A regulamentação busca viabilizar a aplicação prática da alteração promovida pela Emenda Constitucional 125/2022, que passou a exigir a demonstração da relevância das questões de direito federal infraconstitucional como requisito para admissão do recurso especial.

Na prática, o novo mecanismo permitirá ao STJ concentrar sua atuação em temas de maior impacto jurídico, econômico, político ou social, reduzindo a análise de recursos voltados exclusivamente à solução de interesses individuais e fortalecendo sua função de uniformização da interpretação da legislação federal.

Durante a análise da proposta, o senador Sergio Moro destacou que o texto incorporou integralmente a minuta elaborada pelo próprio STJ, valorizando a experiência dos magistrados da Corte na construção do novo modelo processual.

Segundo o relator, a racionalização do volume recursal tornou-se indispensável diante do elevado número de processos submetidos aos tribunais superiores, situação que compromete a celeridade processual e a qualidade dos julgamentos.

Ajustes realizados pela CCJ

Durante a tramitação, a Comissão promoveu alterações relevantes no projeto original.

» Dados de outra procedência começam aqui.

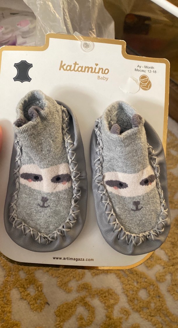Gri örgü kumaştan, nakış detaylı erkek bebek ev terliği, yumuşak tabanlı ve sıcak tutar.
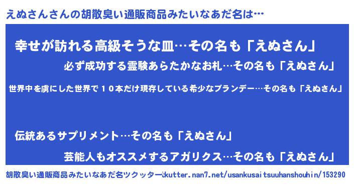 | 意味不明あだ名 | 『住所不定無職えぬさん(86歳)』 |
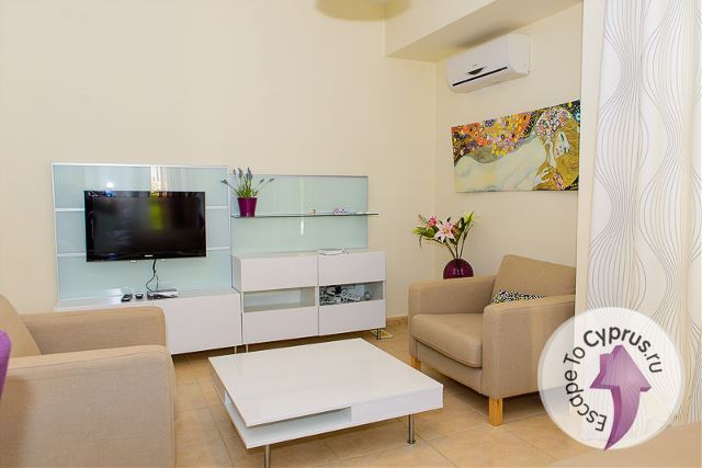 В гостиной - два дивана и кресла, журнальный столик, большой телевизор со спутниковыми каналами (в том числе русскими), DVD, есть Wi-Fi интернет.

Entre elas, destaca-se a retirada da multa equivalente a 20% do valor da causa para reclamações consideradas inadmissíveis, dispositivo considerado excessivamente gravoso pelo relator.

Outra mudança importante diz respeito à suspensão dos processos que discutam matéria reconhecida como relevante pelo Tribunal. Pelo texto aprovado, o relator poderá determinar a suspensão nacional dessas ações pelo prazo de até seis meses, prorrogável uma única vez pelo mesmo período, especialmente nos casos que demandem realização de audiências públicas ou manifestação de terceiros interessados.

O que muda com o filtro de relevância?

Criado pela Emenda Constitucional nº 125/2022, o filtro de relevância estabelece que o recorrente deverá demonstrar que a questão jurídica debatida possui relevância que transcenda os interesses das partes envolvidas no processo.

O objetivo é permitir que o STJ atue prioritariamente em temas capazes de influenciar a interpretação uniforme da legislação federal em todo o país, aproximando o Tribunal do modelo de Corte de precedentes já consolidado no âmbito do Supremo Tribunal Federal por meio da sistemática da repercussão geral.

Embora previsto constitucionalmente desde 2022, o mecanismo ainda depende de regulamentação legal para entrar efetivamente em vigor.

Atualmente, o STJ enfrenta elevado volume processual, tendo recebido mais de 500 mil novos processos em 2024 e mantendo um acervo superior a 330 mil ações em tramitação, cenário que reforça a necessidade de mecanismos voltados à racionalização do sistema recursal e ao fortalecimento da função uniformizadora da Corte.

Com a aprovação na CCJ, o projeto segue para a Câmara dos Deputados, onde continuará sua tramitação legislativa antes da eventual sanção presidencial.